### TASK TO COMPLETE
Without the pictures, set down every line of the data exactly.

### INFORMATION SUPPLIED
::::::::::
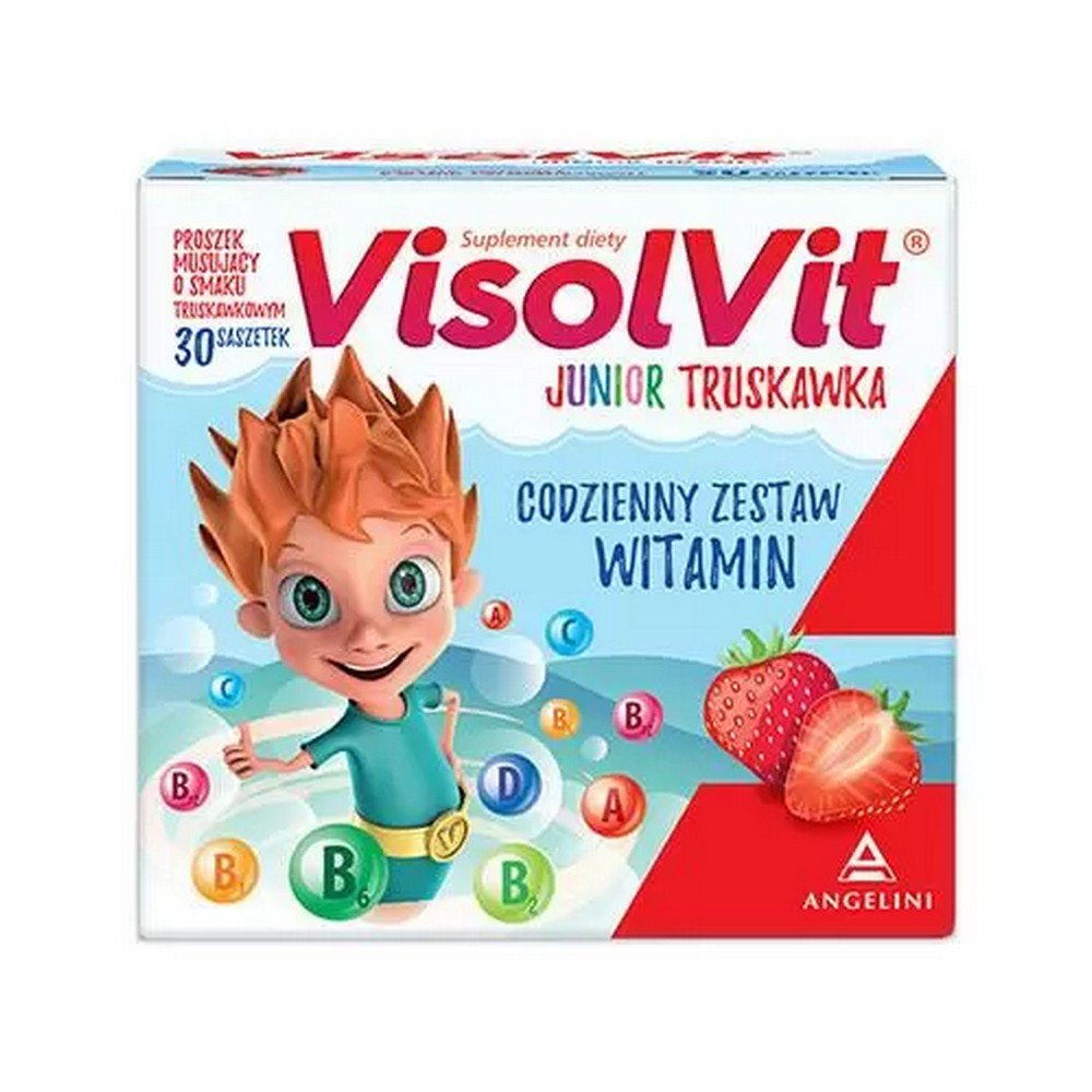Buy Visolvit Junior Strawberry powder with strawberry flavor 30 sachets,Angelini Pharma Polska Sp. z o.o.
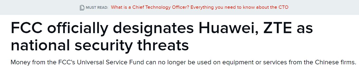 當(dāng)時,華為和中興通訊被“最初指定為”安全威脅,但是在接下來的幾個月中已經(jīng)正式確定了他們的身份,從而形成了今天的聲明。
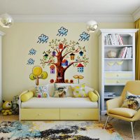 Again, wall murals, subjects of a wide variety, from pastoral landscapes to deep space objects or comic book characters, came into fashion. The wall of the nursery can have a rather discreet decoration - strips of the color of wood or the shade of the wall. They are placed both parallel or perpendicular to the floor, and diagonally. This allows you to achieve various decorative effects.
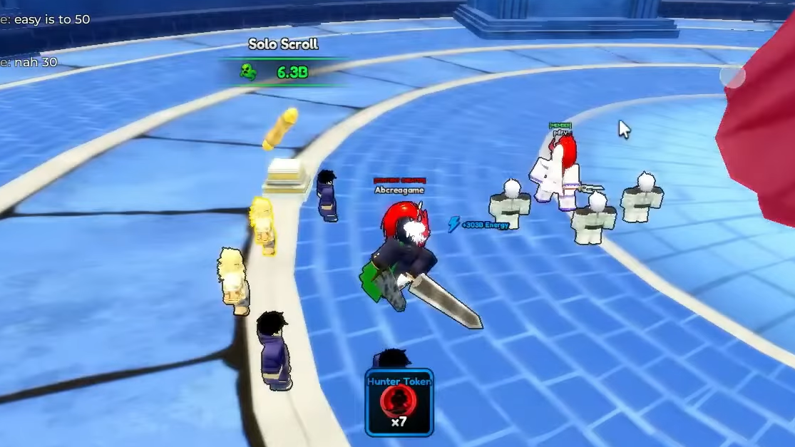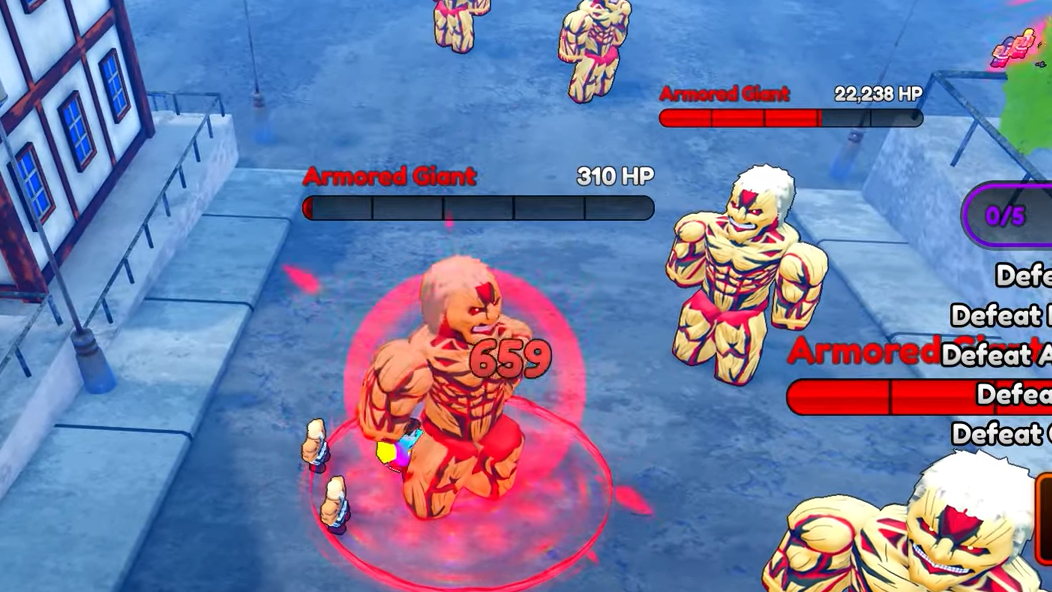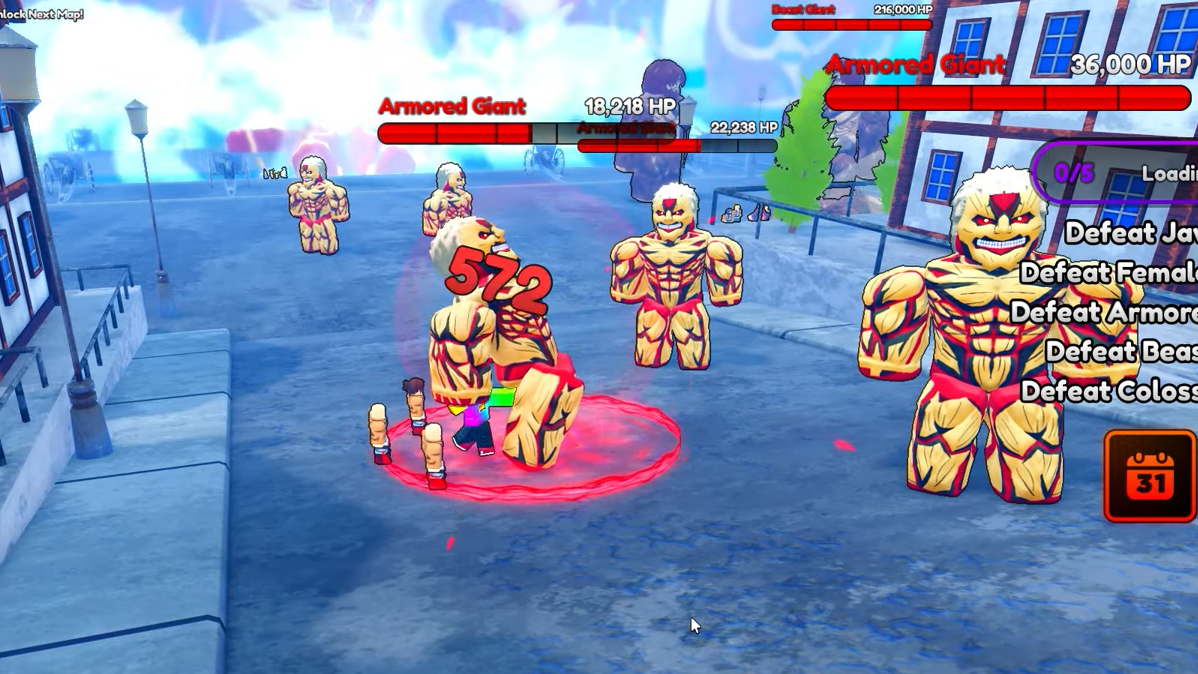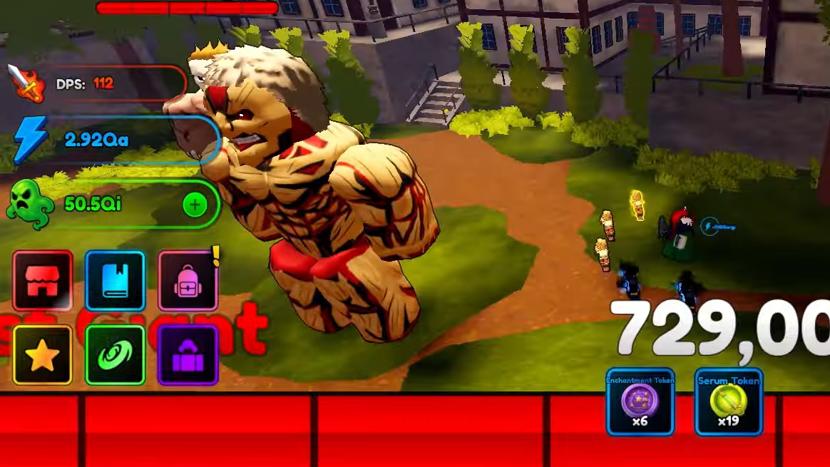 Redeem the RELEASE code, pop your potions, and follow the quest line in World 1. Kill Jaw Titans, Female Titans, and the rest of the required enemies. Once you reach the Colossal Giant boss at the end of the world, park yourself there and simultaneously auto-summon at the nearby Scroll Statue while your character fights the boss. This lets you farm Ghosts, earn tokens, gain Energy, and roll for heroes all at the same time.
::::::::::
### RESPONSE BELOW
Buy Visolvit Junior Strawberry powder with strawberry flavor 30 sachets,Angelini Pharma Polska Sp. z o.o.
 當(dāng)時,華為和中興通訊被“最初指定為”安全威脅,但是在接下來的幾個月中已經(jīng)正式確定了他們的身份,從而形成了今天的聲明。
 Again, wall murals, subjects of a wide variety, from pastoral landscapes to deep space objects or comic book characters, came into fashion. The wall of the nursery can have a rather discreet decoration - strips of the color of wood or the shade of the wall. They are placed both parallel or perpendicular to the floor, and diagonally. This allows you to achieve various decorative effects.
 Redeem the RELEASE code, pop your potions, and follow the quest line in World 1. Kill Jaw Titans, Female Titans, and the rest of the required enemies. Once you reach the Colossal Giant boss at the end of the world, park yourself there and simultaneously auto-summon at the nearby Scroll Statue while your character fights the boss. This lets you farm Ghosts, earn tokens, gain Energy, and roll for heroes all at the same time.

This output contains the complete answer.